Perwira muda itu mungkin sudah terbiasa dipandang dan dibicarakan seperti itu, jadi ia tidak marah.

Mendengar perkataan Chen Nuo, ia langsung tertawa, "Trik kecilku ini tidak bisa lolos dari mata tajam Saudara. Ternyata Saudara sudah menyadarinya sejak awal. Namun pada akhirnya, justru keberanian dan ketelitian Saudara yang luar biasa. Meski tahu itu palsu, Saudara tetap berani bekerja sama untuk membuat sandiwara ini tampak nyata. Itulah yang disebut keberanian dan kecerdasan!"

Chen Nuo tertawa kecil, menegakkan tubuh, dan memberi hormat kepada perwira muda itu, "Jangan panggil saya Saudara terus.
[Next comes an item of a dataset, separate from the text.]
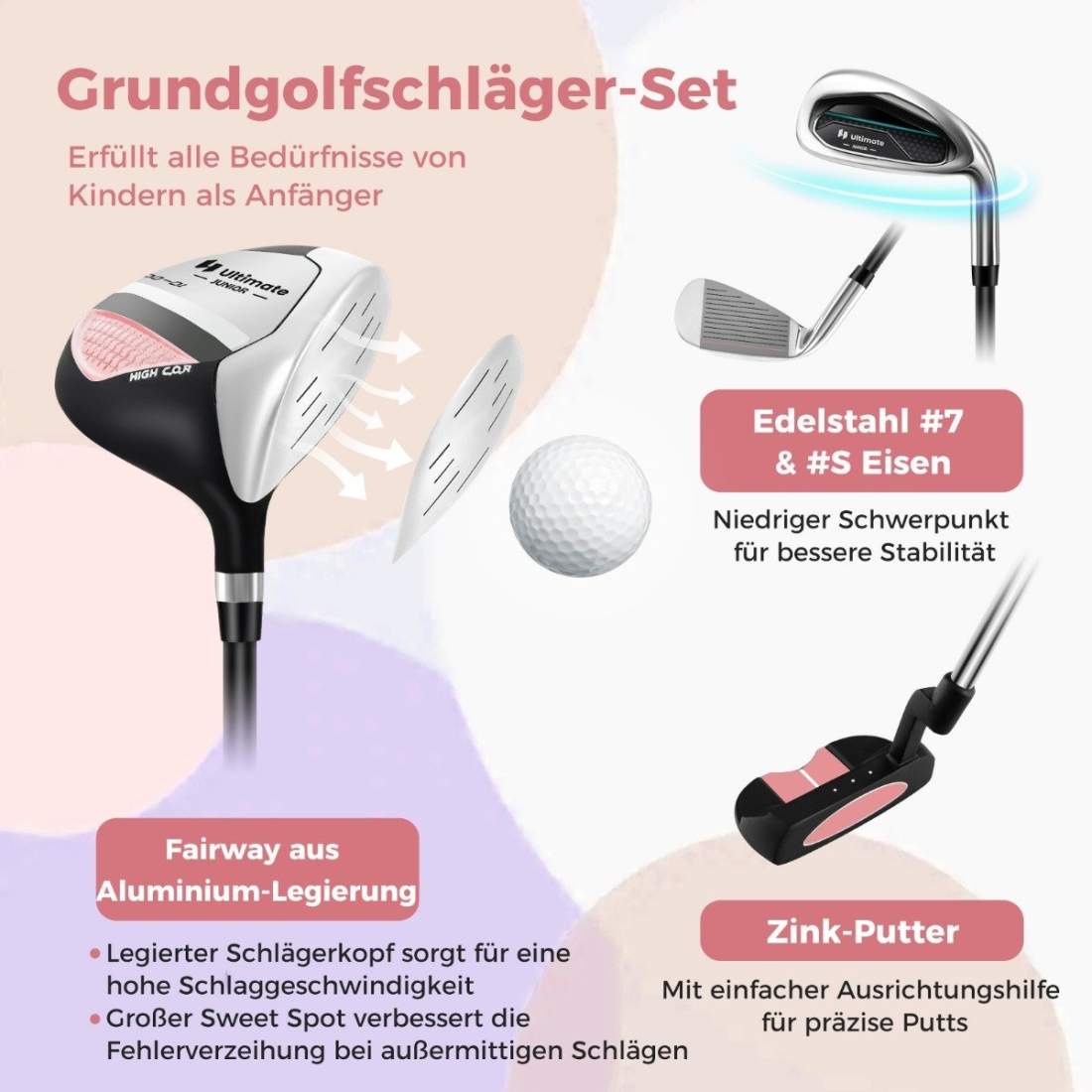 4-delat barngolfklubbset med golfbag och regnskydd för barn 8-10 år, rosa

Nama saya Chen Nuo, nama kehormatan Ranzhi, seorang utusan kecil di bawah pimpinan Jenderal Zhao Fu, Gubernur Jizhou. Berkat tindakan cepat Tuan Muda Jenderal tadi, kebaikan ini tidak akan saya lupakan. Bolehkah saya tahu siapa nama Tuan Muda Jenderal?"

"Kakak!"

Sebelum perwira muda itu sempat membuka mulut, seseorang tiba-tiba muncul dari belakangnya, menarik pelana kuda, dan berkata kepada Chen Nuo dengan terengah-engah, "Dia kakakku. Apa pun yang ingin kalian ketahui, tanyakan saja padaku."

Jika kakaknya begitu tampan, adiknya seharusnya tidak jauh berbeda, bukan?

Semua orang menoleh, dan mereka pun terkejut. Tubuhnya tidak setinggi kakaknya, dan dia begitu pendek serta berkulit sangat gelap. Semua orang dalam hati bertanya-tanya, "Apakah mereka benar-benar lahir dari ibu yang sama? Mengapa perbedaannya begitu jauh?" Seketika, minat mereka hilang dan tidak ada yang memperhatikan apalagi bertanya lagi.

Perwira muda di atas kuda menatap adiknya dan bertanya, "Tadi kau ke mana? Apakah kau pergi mengejar para bandit itu lagi? Kau ini, bagaimana aku harus mengatakannya, betapa berbahayanya itu!"

"Hihi! Dia kakakku, namanya Zhao Yun, dan aku... namaku Zhao Xue."

Memang kulitnya sangat putih, namanya sesuai dengan orangnya, ah, tapi yang satu ini sangat gelap.

Adik perwira muda itu, melihat kakaknya hendak menegurnya, segera mengalihkan pembicaraan. Ia mendongakkan lehernya ke arah Chen Nuo untuk memperkenalkan kakaknya.

Mendengar nama Zhao Yun, kepala Chen Nuo bergetar. Ia menatap kembali perwira muda di atas kuda itu dan bertanya dengan ragu, "Zhao Yun? Namamu Zhao Yun? Apakah kau Zhao Yun, Zhao Zilong dari Changshan?"